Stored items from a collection
-------
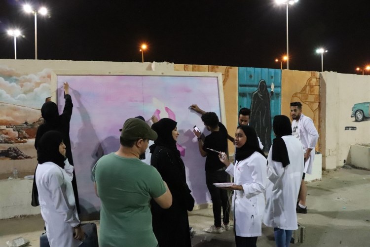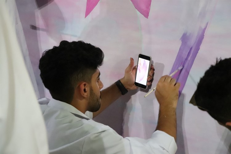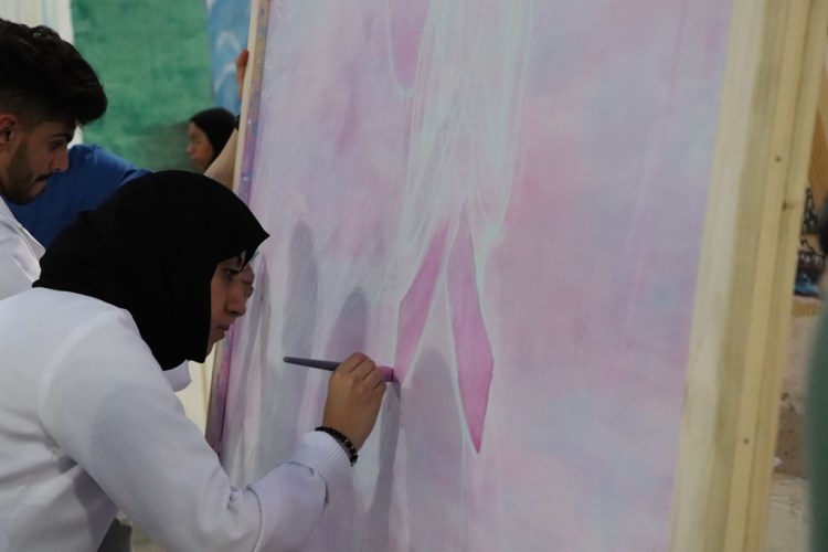 وأعد اللوحة عشرة فنانين من الفريق مساء الجمعة جمعهم حب التطوع والفن لانتاجها، لافتين إلى أنهم سيهدوها لاحدى المستشفيات وتحديدًا قسم السرطان.
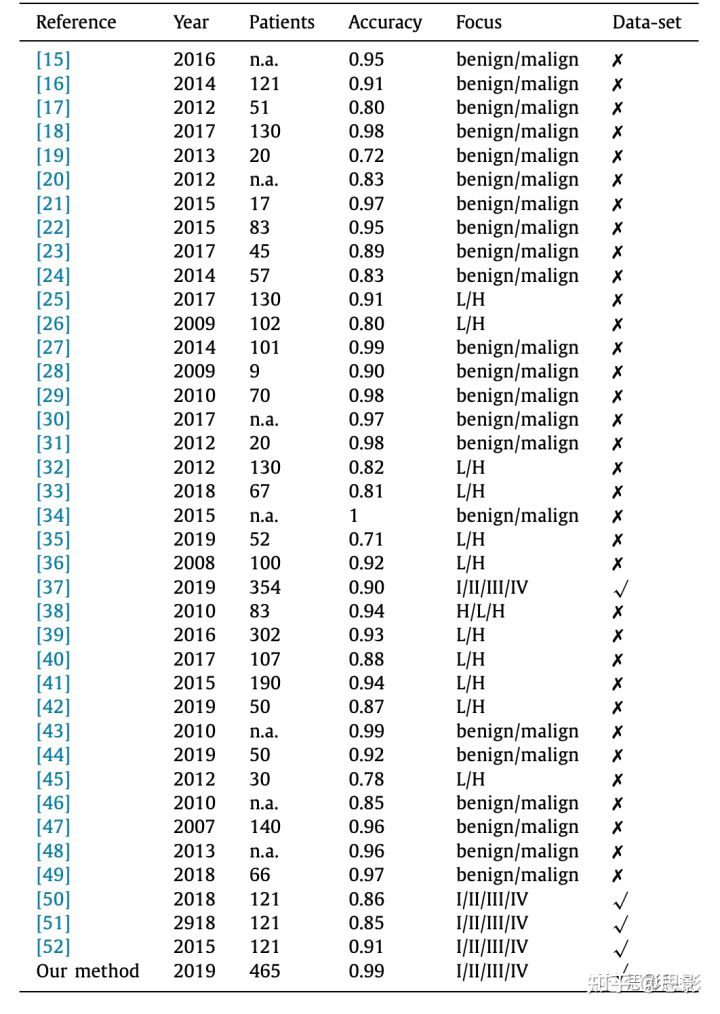 作者在[33]中提出了一种基于36种纹理特征的概率神经网络。作者的目的是区分转移性肿瘤和原发性肿瘤。
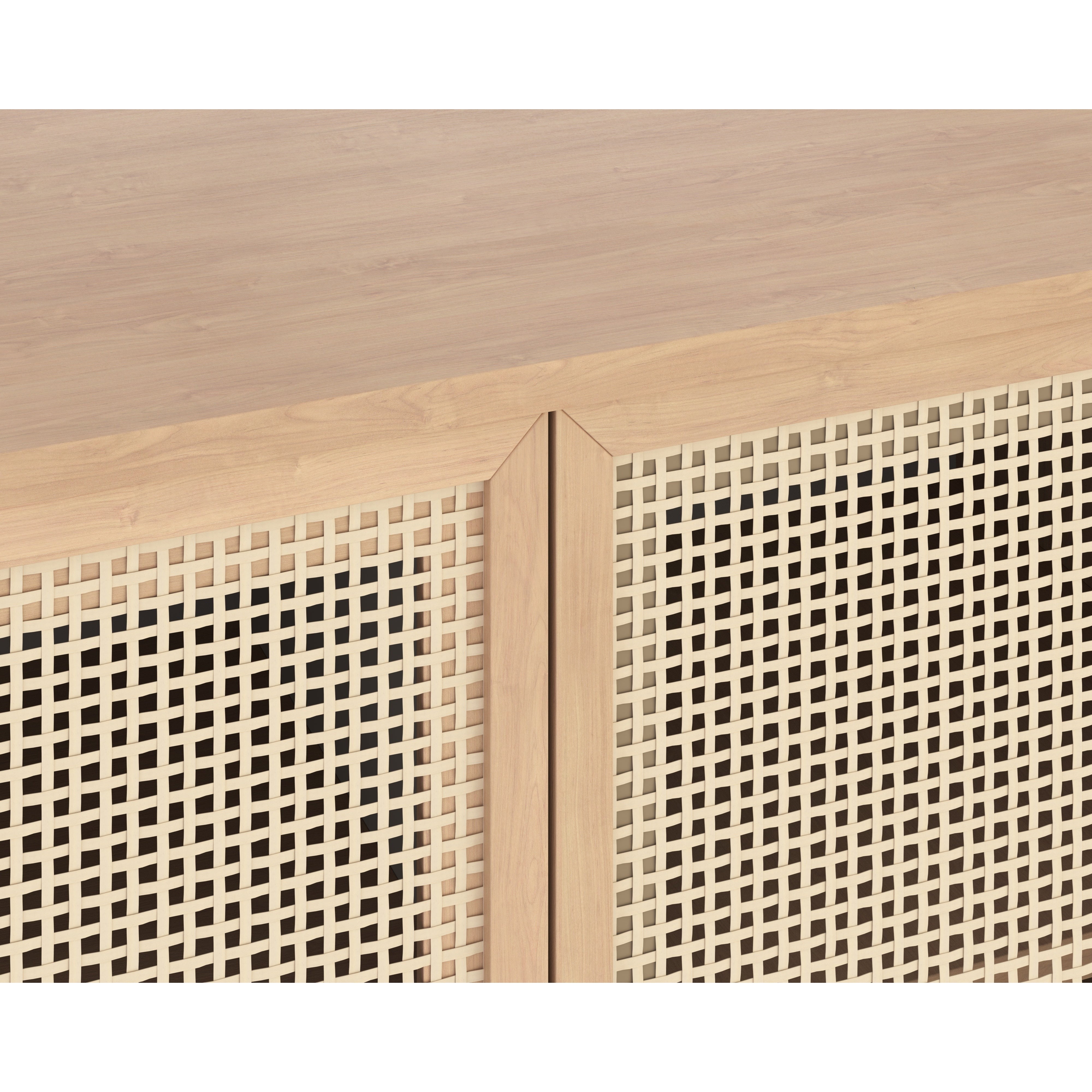 Create a space influenced by global travels with this stylish sideboard crafted in Indonesia. Features two natural rattan cabinets contrasted with a rustic oak wood frame. Black iron feet and matte black iron handles complete the design.
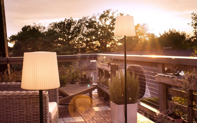 Без контакт или електрически кабел: няма проблем! Акумулаторните лампи са идеален начин за бързо и лесно разширяване на осветлението на терасата и за промяна на дизайна по всяко време. Осветителните тела с акумулаторни батерии се предлагат като подови, настолни и дори висящи лампи. Забележка: В зависимост от класа на защита IP не оставяйте захранваните с батерии светлини на дъжда през нощта, а просто ги заредете в помещението с помощта на USB кабела за следващата вечер на открито!
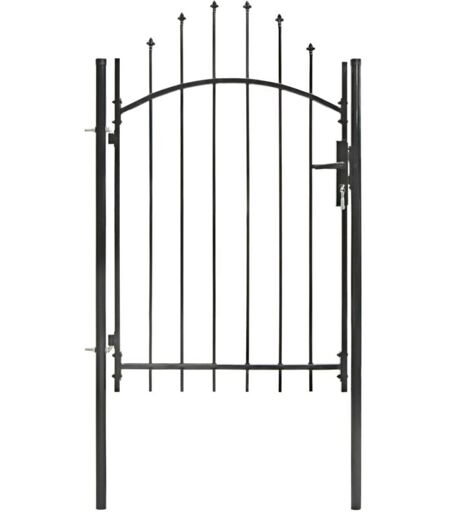 Ce portail de jardin sera une porte d'entrée pratique au style moderne pour isoler votre jardin du monde extérieur. Très stable et durable, le portail de clôture formera une barrière de sécurité pratique pour votre jardin, patio ou terrasse. Grâce à son design élégant et au dessus arqué et à ses renforts horizontaux résistants pour renforcer le cadre, notre portail de jardin fournira un haut degré de sécurité tout en constituant une fabuleuse entrée sur votre propriété. Fabriquée en acier robuste, la porte est revêtue de poudre contre la rouille et la corrosion. Cette porte de clôture est équipée d'un système de verrouillage et est livrée avec deux poteaux solides le long des charnières robustes pour une installation facile. Cette porte de jardin est une excellente combinaison de style, de résistance et de stabilité ! Couleur : noir Matériau : acier enduit de poudre Dimensions totales : 1 x 2 m (L x H) Dimensions du panneau : 1 x (1,25-1,5) m (L x H) Hauteur du poteau : 1,75 m ...
-------
-- WORK ORDER --
Repeat, with no pictures, each line from the beginning of the data through the line containing "Без контакт или", inclusive.

-- THE ANSWER --
 وأعد اللوحة عشرة فنانين من الفريق مساء الجمعة جمعهم حب التطوع والفن لانتاجها، لافتين إلى أنهم سيهدوها لاحدى المستشفيات وتحديدًا قسم السرطان.
 作者在[33]中提出了一种基于36种纹理特征的概率神经网络。作者的目的是区分转移性肿瘤和原发性肿瘤。
 Create a space influenced by global travels with this stylish sideboard crafted in Indonesia. Features two natural rattan cabinets contrasted with a rustic oak wood frame. Black iron feet and matte black iron handles complete the design.
 Без контакт или електрически кабел: няма проблем! Акумулаторните лампи са идеален начин за бързо и лесно разширяване на осветлението на терасата и за промяна на дизайна по всяко време. Осветителните тела с акумулаторни батерии се предлагат като подови, настолни и дори висящи лампи. Забележка: В зависимост от класа на защита IP не оставяйте захранваните с батерии светлини на дъжда през нощта, а просто ги заредете в помещението с помощта на USB кабела за следващата вечер на открито!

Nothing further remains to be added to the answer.